SELECT *, my_sort(bar) FROM foo ORDER BY my_sort(bar) ASC;
-- make an index as well:
CREATE INDEX idx_my_sort ON foo ((my_sort(bar)));
The manual is full of examples how to use your own functions, just start playing with it.
SQL: http://www.postgresql.org/docs/current/static/xfunc-sql.html
PL/pgSQL: http://www.postgresql.org/docs/current/static/plpgsql.html
We can avoid confusion about ordering methods using names:
"score function" of standard SQL select * from t order by f(x) clauses, and
"compare function" ("sort function" in the question text) of the Python's sort array method.
The ORDER BY clause of PostgreSQL have 3 mechanisms to sort:
Standard, using an "score function", that you can use also with INDEX.
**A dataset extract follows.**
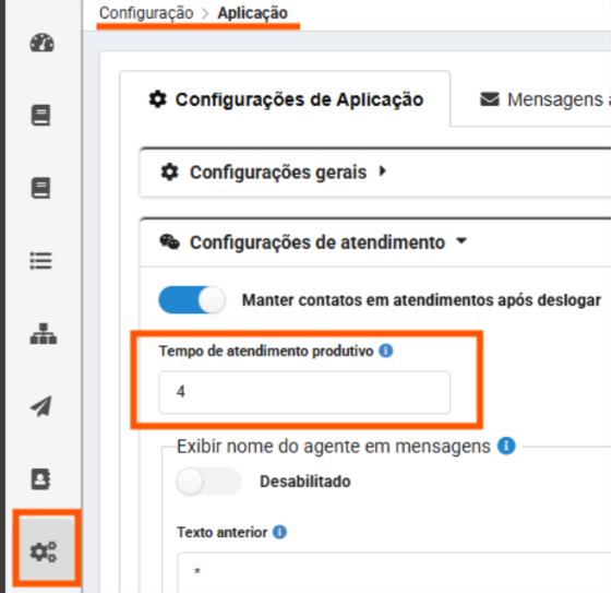 - TTP (Tempo Total Produtivo): Corresponde ao total do tempo efetivamente produtivo do atendimento dentro do canal, considerando apenas os períodos de interação ativa entre agente e cliente. O sistema desconsidera na contagem do TTP automaticamente os intervalos de inatividade que ultrapassam a tolerância configurada. O tempo de inatividade considerado tolerável pode ser ajustado em Configuração > Aplicação > Configurações de Atendimento:

Special "standard string-comparison alternatives", by collation configuration (only for text, varchar, etc. datatypes).
ORDER BY ... USING clause. See this question or docs example. Example: SELECT * FROM mytable ORDER BY somecol USING ~<~ where ~<~ is an operator, that is embedding a compare function.
Perhaps "standard way" in a RDBMS (as PostgreSQL) is not like Python's standard because indexing is the aim of a RDBMS, and it's easier to index score functions.
Answers to the question:
Direct solution. There are no direct way to use an user-defined function as compare function, like in the sort method of languages like Python or Javascript.
Indirect solution. You can use a user-defined compare function in an user-defined operator, and an user-defined operator class to index it. See at PostgreSQL docs:
CREATE OPERATOR with the compare function;
CREATE OPERATOR CLASS, to be indexable.
Explaining compare functions
In Python, the compare function looks like this:
def compare(a, b):
return 1 if a > b else 0 if a == b else -1
The compare function use less CPU tham a score function. It is usefull also to express order when score funcion is unknown.
See a complete description at
for C language see https://www.gnu.org/software/libc/manual/html_node/Comparison-Functions.html
for Javascript see https://developer.mozilla.org/en-US/docs/Web/JavaScript/Reference/Global_Objects/Array/sort#Description
Other typical compare functions
Wikipedia's example to compare tuples:
function tupleCompare((lefta, leftb, leftc), (righta, rightb, rightc))
if lefta ≠ righta
return compare(lefta, righta)
else if leftb ≠ rightb
return compare(leftb, rightb)
else
return compare(leftc, rightc)
In Javascript:
function compare(a, b) {
if (a is less than b by some ordering criterion) {
return -1;
}
if (a is greater than b by the ordering criterion) {
return 1;
}
// a must be equal to b
return 0;
}
C++ example of PostgreSQL docs:
complex_abs_cmp_internal(Complex *a, Complex *b)
{
double amag = Mag(a),
bmag = Mag(b);
if (amag < bmag)
return -1;
if (amag > bmag)
return 1;
return 0;
}
You could do something like this
SELECT DISTINCT ON (interval_alias) *,
to_timestamp(floor((extract('epoch' FROM index.created_at) / 10)) * 10) AT
TIME ZONE 'UTC' AS interval_alias
FROM index
WHERE index.created_at >= '{start_date}'
AND index.created_at <= '{end_date}'
AND product = '{product_id}'
GROUP BY id, interval_alias
ORDER BY interval_alias;
Firstly you define the parameter that will be your ordering column with AS. It could be function or any SQL expression. Then set it to ORDER BY expression and you're done!
In my opinion, this is the smoothest way to do such an ordering.